My previous team was building out a new onboarding flow and hit a point where we wanted to do cool things around personalization and recommendations. If you look around, machine learning is seemingly baked into every established product these days. It’s really tempting to say “We need machine learning too if we’re going to be as successful as the other guys.”
But we were a small team and iterating at a rapid pace. We didn’t have the time, resources, or need for a top-notch recommendation system. We went a different route, and in our case, I think we got 80-90% of the way there with a simplified approach: Rule-based recommendations with just SQL.
Best Practices
- Validate the problem: Is this problem worth solving? Make sure there is a significant benefit to offering recommendations or personalization.

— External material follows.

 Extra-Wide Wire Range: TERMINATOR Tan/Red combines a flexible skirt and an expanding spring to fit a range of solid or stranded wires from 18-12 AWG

- Validate the data: Do certain segments of users behave meaningfully differently from others? If not then you won’t be able to make helpful recommendations.

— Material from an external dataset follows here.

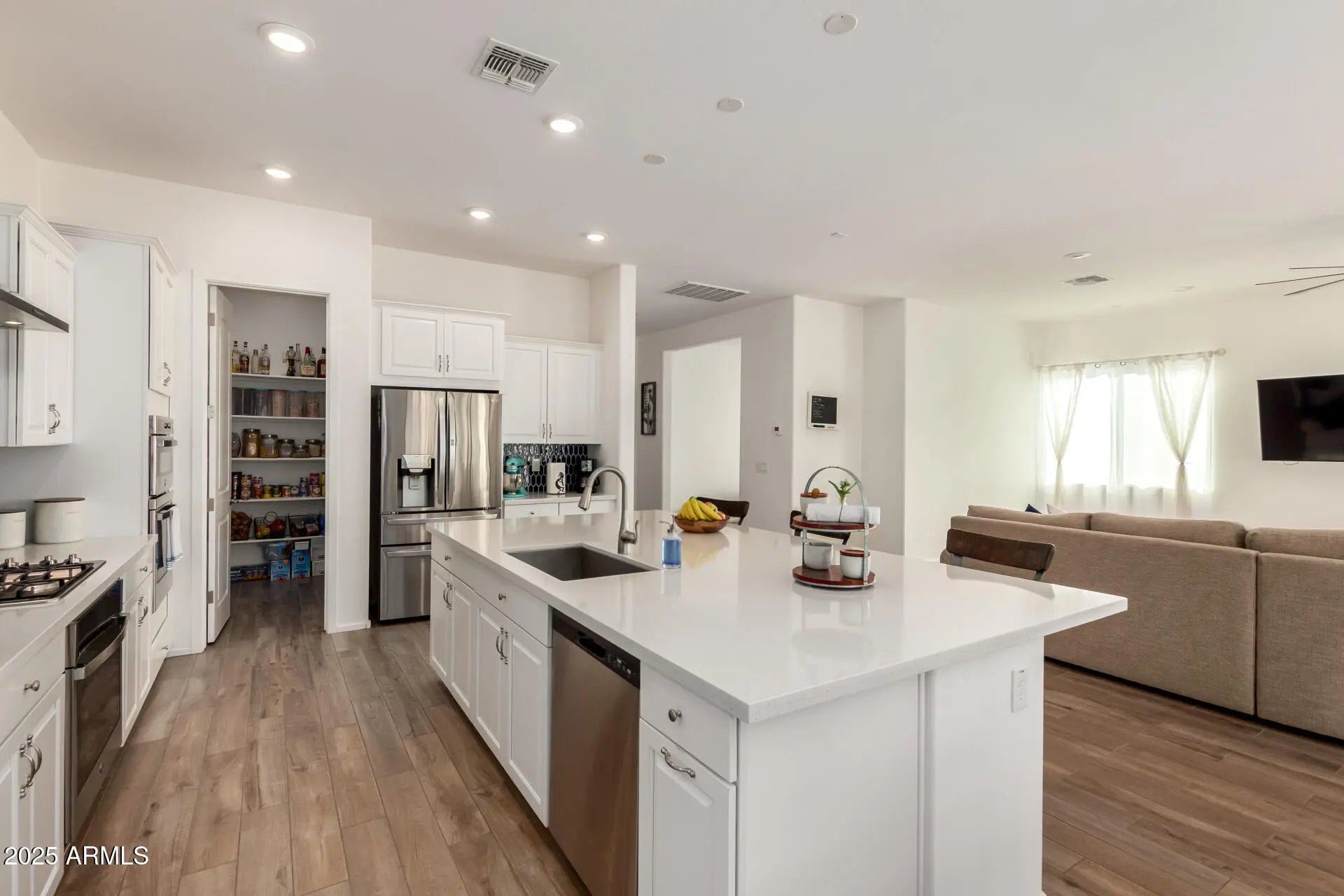 You'll LOVE this beautiful home in Homestead at Marley Park! Sits on a corner lot, offering 4 beds, 3 baths, 2-car garage, & a manicured landscape. The fabulous interior showcases tons of natural light, neutral paint, & wood-look tile flooring w/carpet in bedrooms. The spacious open layout is paired with multi-sliding doors to the back! The gourmet kitchen boasts SS appliances w/cooktop gas, quartz counters, ample white cabinets, stylish tile backsplash, recessed lighting, a walk-in pantry, and an island w/breakfast bar. The versatile den is perfect for an office! The main bedroom has a lavish ensuite with two vanities, soaking tub, & a partitioned walk-in closet. Tranquility awaits outback! A covered patio, built-in grilling station, fireplace, & lush lawn complete the picture. Just WOW!

- Decide on a “one-by-one” or “final decision” approach: Apply rules one-by-one in order and stop when one matches or apply all the rules and then make a final decision. In the “one-by-one” scenario, rules are generally expressed as a family of case statements and tend to do really well in deterministic scenarios. In the “final decision” scenario, you are typically considering a number of factors and then returning the best option.
- Create informed rules: Use data analysis and intuition to build out your decision tree or scoring system.
- Write a v1 and iterate on the results: My default tool here is SQL, as it’s quick and powerful enough to get the job done. Write up a query that pulls in the data that the product will have at that point, and then applies a series of case statements, either one by one or summing each together, that outputs one or more results.